Vigneti
La vite comune (Vitis vinifera L.) è una coltura caratterizzata da un elevato grado di autoimpollinazione e da una limitata incidenza dell’attività degli insetti e del vento sulla produttività. Raramente si osservano api che si nutrono dei fiori delle piante di vite; tuttavia una gestione conservativa del terreno situato tra due filari (interfila) può garantire la presenza nei vigneti di habitat di foraggiamento aggiuntivi, in grado di aumentare significativamente l’impollinazione delle colture agrarie e delle piante spontanee presenti negli appezzamenti e aree limitrofe.
Recenti testimonianze raccolte da ISPRA in vigneti biologici in Piemonte hanno evidenziato, a tale proposito, che le alternative gestionali al diserbo chimico, soprattutto gli sfalci interfilari tardivi e/o l’inerbimento interfilare, garantiscono un incremento nella ricchezza delle specie di piante locali con un conseguente aumento della disponibilità di risorse trofiche per tutti gli impollinatori presenti nel territorio di riferimento.

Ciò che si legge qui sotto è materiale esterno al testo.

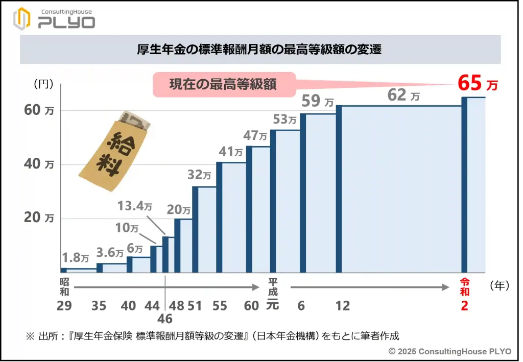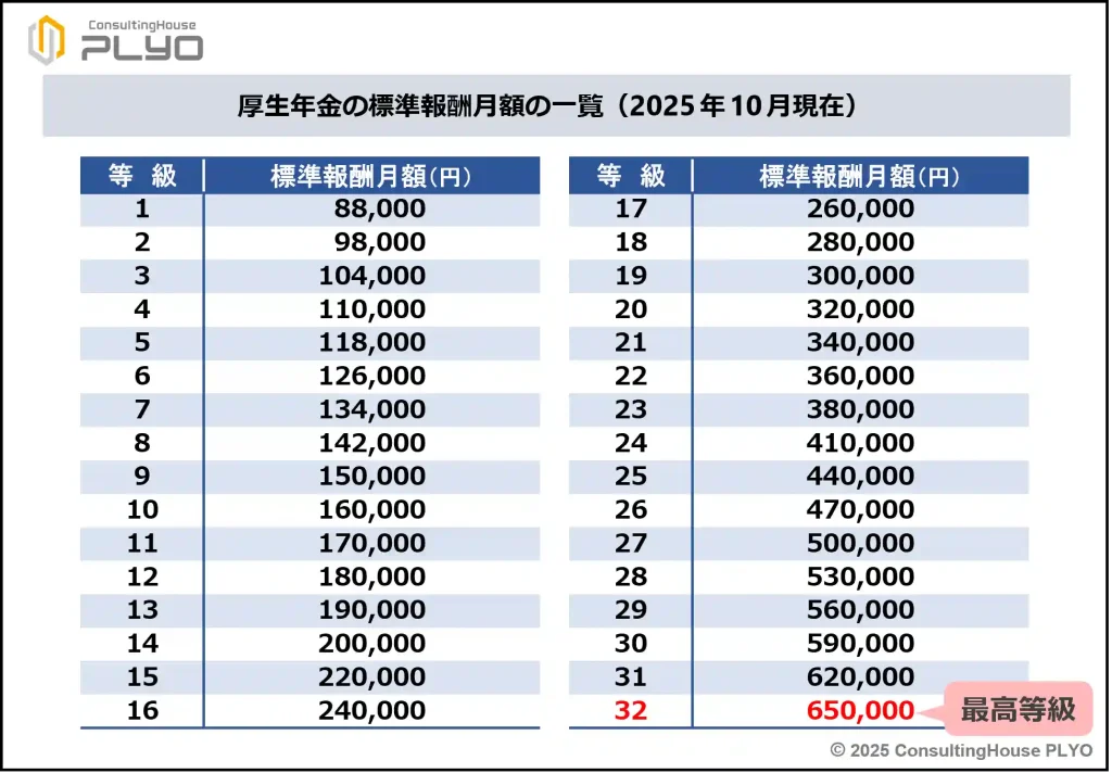 2025(令和7)年10月現在、厚生年金の標準報酬月額の最高等級は前述のとおり32等級(65万円)で、対象者は給料額が63.5万円以上の加入者です。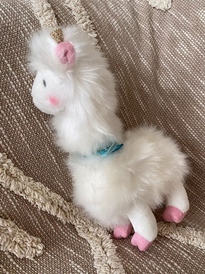 Peluche doudou 26cm histoire d’ours lama blanc rose bleu parfait état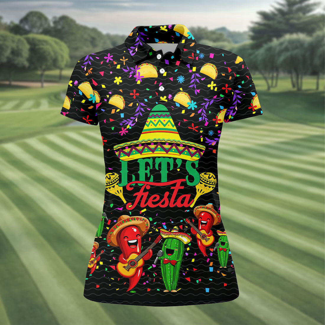 Let's Fiesta Party Ladies Golf Tops, Cinco De Mayo Celebration Golf Shirt For Women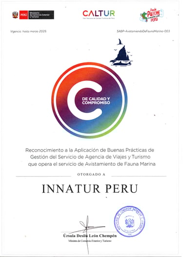 Sí. INNATUR PERÚ es operador autorizado de turismo marino. Contamos con chalecos salvavidas, póliza contra accidentes, botiquín de primeros auxilios y personal capacitado durante toda la experiencia.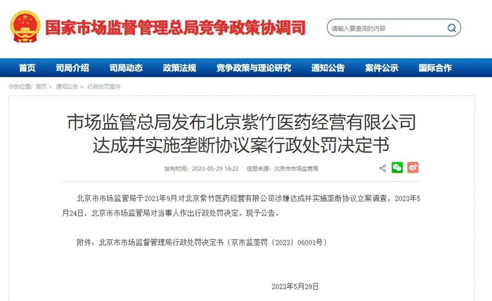 《北京市市场监督管理局行政处罚决定书(京市监垄罚〔2023〕06001号)》原文见:因为这个药品,紫竹医药领千万罚单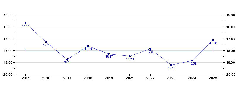 | Forrige tid | 17.08 (2025) |
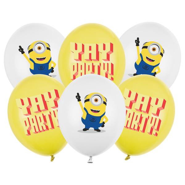Minions Latexballoner Mix 30 cm 6-pak består af seks balloner i to forskellige varianter: hvide balloner med motiv af figuren Mel fra Minions samt gule balloner med teksten "YAY PARTY!" i gult og rødt.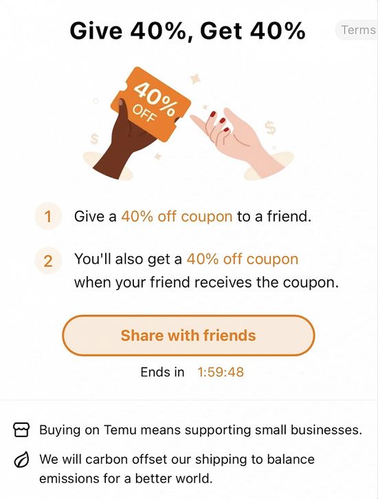 在部分社交平台上,已经出现了Temu老用户的拉新链接,只要将链接分享给朋友,双方都能享受到40%的折扣,延续了标准的互联网式打法,但相比国内的“砍一刀”方式则收敛很多。

Nelle aziende viticole convenzionali normalmente la flora spontanea è gestita mediante le lavorazioni meccaniche del terreno, la pacciamatura o il diserbo chimico, al fine di limitare la potenziale competizione idrica e/o nutritiva tra la vite e le piante “infestanti”.
L’intensità di questa competizione è influenzata dalle condizioni pedologiche e climatiche locali, per cui in taluni areali vanno diffondendosi pratiche tradizionali favorevoli alla diversità delle api selvatiche e tali da rendere le interfile paragonabili ai margini dei campi o alle strisce di fiori selvatici. Piuttosto che dalle operazioni meccaniche, gli impatti negativi della viticoltura convenzionale sono tuttavia originati principalmente dall’utilizzo di prodotti chimici sulle infestanti, con una conseguente crescente e/o maggiore presenza delle specie perenni rispetto alle aziende biologiche che non vi fanno ricorso.

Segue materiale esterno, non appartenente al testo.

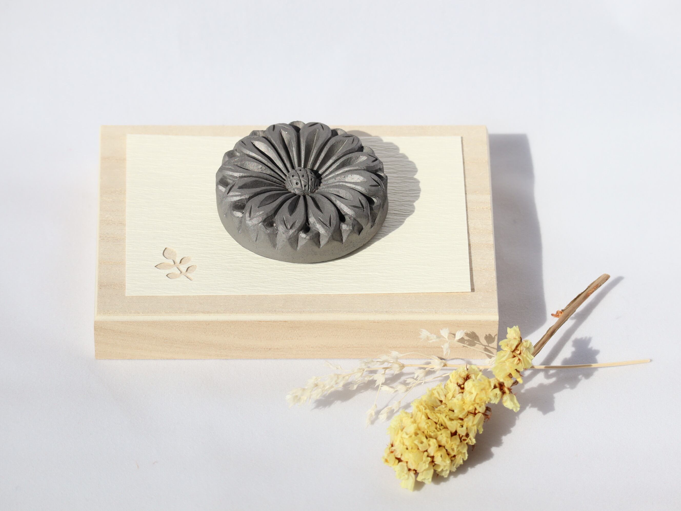 菊の形をしたアロマストーンは、玄関や室内に飾るのに最適です。アロマオイルを垂らす瞬間は、お花に露が滴るような美しさです。そして、アロマが染み込む時間は少しほっとする、紡がれてきた歴史を感じるひと時をつくりだします。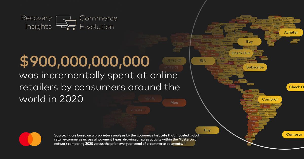 Budući da su zbog pandemije Kovida 19 potrošači širom sveta pretežno ostali kod kuće, gotovo sve, od namirnica do baštenskih potrepština, kupovalo se onlajn, a prema najnovijem izveštaju Mastercard Recovery Insights, to je rezultiralo u dodatnih 900 milijardi dolara potrošenih na onlajn trgovinu širom sveta tokom 2020. godine.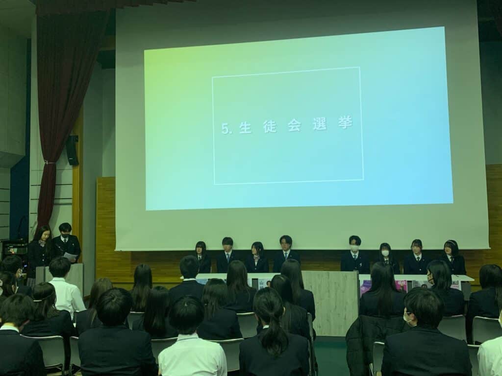 また、当日の運営は有志の生徒で構成された選挙管理委員が行いました。司会やタイムキーパー、会場設営など、滞りなく進行できるように務めてくれました。
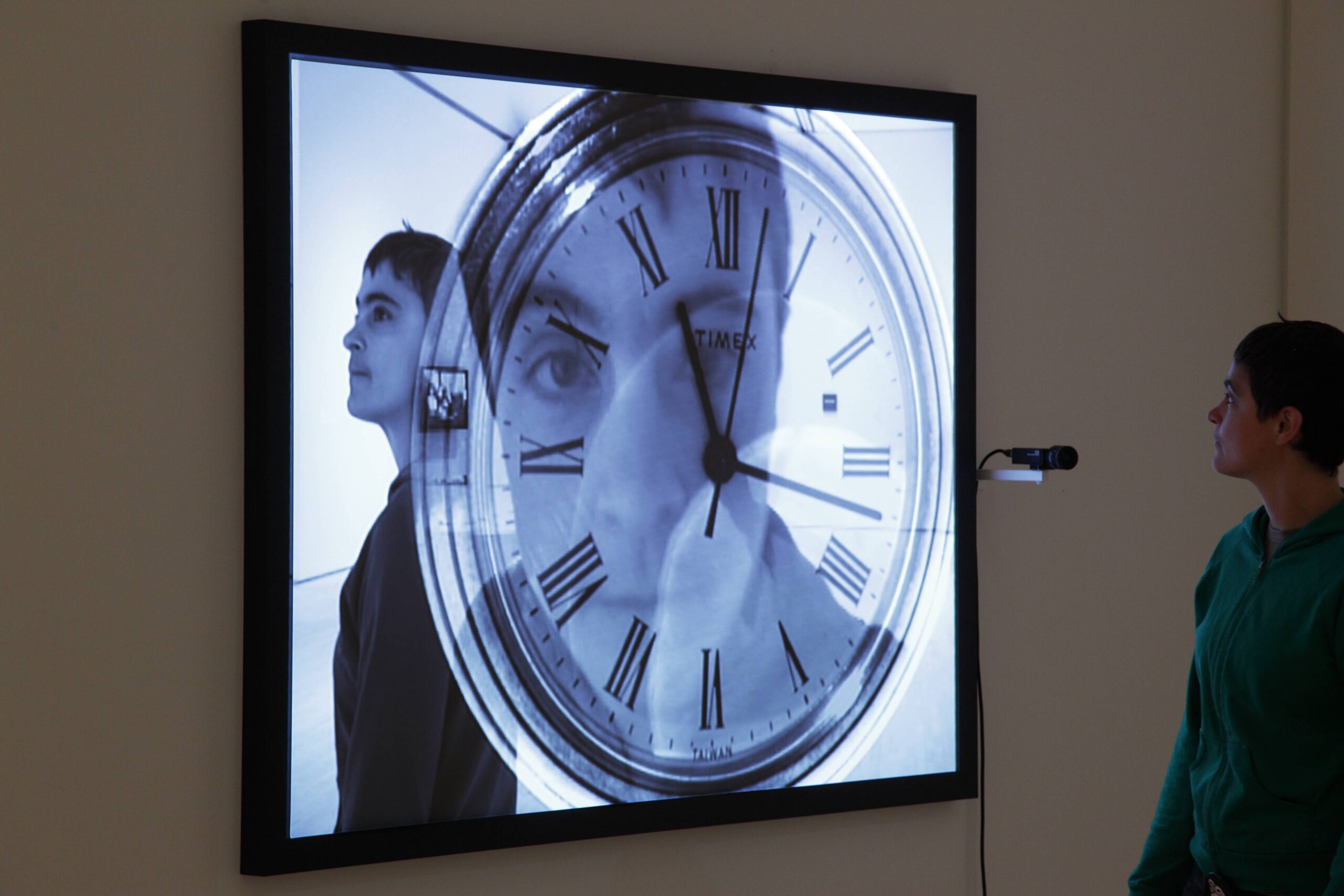 - closed-circuit video projection, two video cameras, custom electronics, and watch
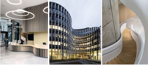 « Situé au cœur du Carré de Soie, ce projet est à géométrie variable avec des noyaux compactés au maximum au profit de grands espaces de travail traversants, libérés de toute structure. L'ondulation des façades et l'écriture des brise-soleils qui les protègent, créent des perspectives changeantes, des échappées visuelles, et révèlent un univers intérieur à la fois doux et spectaculaire. Les derniers étages sont sculptés dans la continuité des courbes de façades et libèrent de larges terrasses qui profitent de soleil et de calme à l'écart du bruit de la ville. Elles sont le support de nouvelles pratiques, de nouveaux usages dans le travail : réunions informelles, détente, relaxation, sport, agriculture», a précise l'architecte Philippe Croisier de l’Atelier du Pont.

Diversi sono gli studi condotti negli ecosistemi viticoli che hanno messo in evidenza gli aspetti positivi per gli impollinatori associati all’adozione di pratiche colturali idonee a sostenere la presenza di mosaici di elementi seminaturali e l’incremento degli ambienti di transizione tra comunità confinanti. A beneficiare di condizioni del terreno indisturbate e di superfici vegetate permanenti sono in maggior misura le specie di impollinatori nidificanti nel suolo, mentre per le api selvatiche nidificanti fuori terra la disponibilità di materiali per la creazione di nidi (come materiale vegetale vecchio ed elementi di legno morto) può risultare compromessa nei paesaggi particolarmente alterati. L’elevata percentuale di api selvatiche che nidificano nel terreno, come un’intensa attività di nidificazione di Lasioglossum marginatum e L. lineare, rappresenta un buon indicatore della qualità gestionale perché condizione tipica degli ecosistemi con maggiore naturalità o migliore sostenibilità e con adeguata disponibilità di habitat di nidificazione (strade non asfaltate, bordi di campi naturali, suoli integri sotto i filari delle viti, etc.)

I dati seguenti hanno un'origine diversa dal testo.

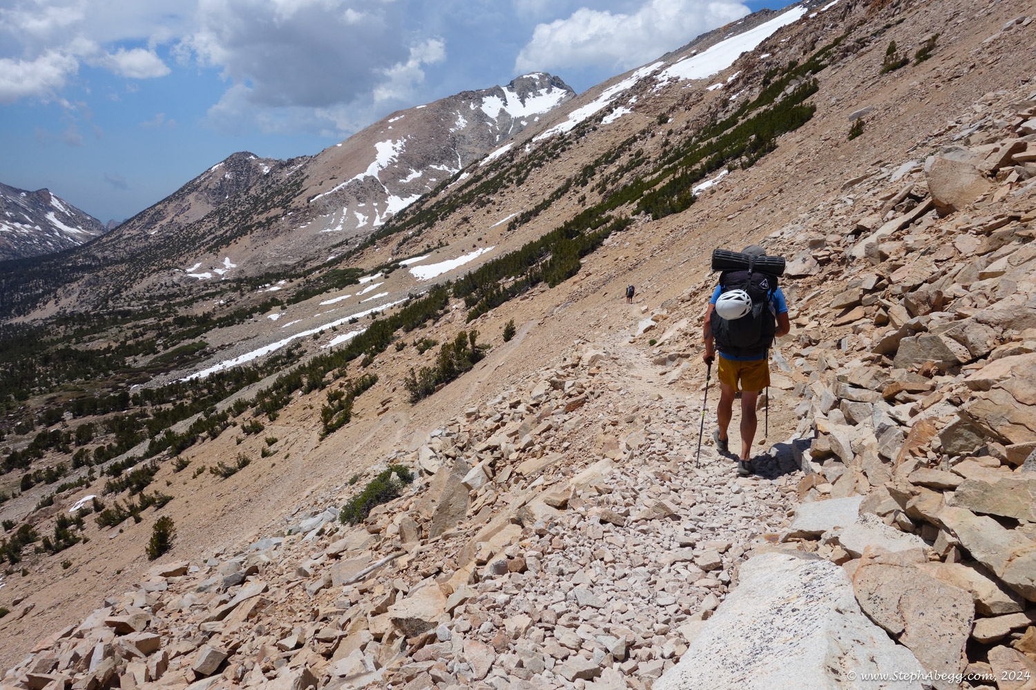 Due to the length of the approach (12.5 miles from trailhead to base of route), we decided to climb the South Face as part of a 2-night overnight adventure. We secured overnight permits (the new online permit system made this easy to do) for Charlotte Lake, 8.5 miles from Kearsarge Pass trailhead on the east side. On Thursday, we hiked in and enjoyed an evening at camp. On Friday we climbed Charlotte Dome. On Saturday we hiked out and began the 15-hour drive back to Estes Park.
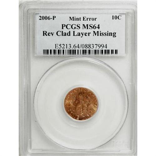 <B>2006-P 10C Roosevelt Dime--Reverse Clad Layer Missing--MS64 PCGS.</B></I> <BR><BR><b>Shipping:</b> Coins & Currency (<a target="_blank" href="http://www.heritageauctions.com/common/shipping.php">view shipping information</a>)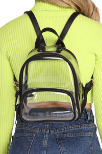 This backpack is clear as day! Literally. It has a two zipper compartment paired with adjustable straps and a basic handle at the top. The clear bag is composed of a pvc material with a black trim and gold metal details. It's the perfect piece for that upcoming festival!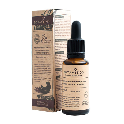 Косметический уход: эфирное масло берёзового дегтя стимулирует обновление верхнего слоя кожи головы, восстанавливает баланс жирной кожи, обладает сильными антисептическими и антипаразитарными свойствами. Эффективно борется с перхотью и избавляет от зуда. Параллельно стимулируя метаболизм волосяных луковиц, берёзовый дёготь ускоряет рост волос, улучшает их качество и увеличивает объём. Тщательно подобранные дополнительные активные ингредиенты в составе формулы - растительные масла зверобоя и семян подсолнечника - оказывают успокаивающее действие на кожу головы, укрепляют волосы, препятствуя выпадению и ускоряя их рост. Эфирное масло берёзового дёгтя стимулирует обновление верхнего слоя кожи головы, восстанавливает баланс жирной кожи, обладает сильными антисептическими и антипаразитарными свойствами. Эффективно борется с перхотью и избавляет от зуда. Параллельно стимулируя метаболизм волосяных луковиц, берёзовый дёготь ускоряет рост волос, улучшает их качество и увеличивает объём.

Una recente meta-analisi ha confermato l’effetto positivo di pratiche colturali sostenibili sulla biodiversità complessiva e sui servizi ecosistemici presenti nei vigneti. La ricchezza, l’abbondanza e le caratteristiche funzionali delle specie di api selvatiche negli interfilari aumentano significativamente con la maggiore disponibilità di risorse floreali e con un’attenta gestione sostenibile della vegetazione, specie quella spontanea.
Sono soprattutto le api selvatiche eusociali a beneficiare in modo rilevante della gestione estensiva della vegetazione dei filari, in quanto più sensibili ai disturbi rispetto alle specie solitarie e più vulnerabili alla frammentazione degli habitat ed alle conseguenti limitazioni nella disponibilità delle risorse floreali e dei materiali idonei alla nidificazione.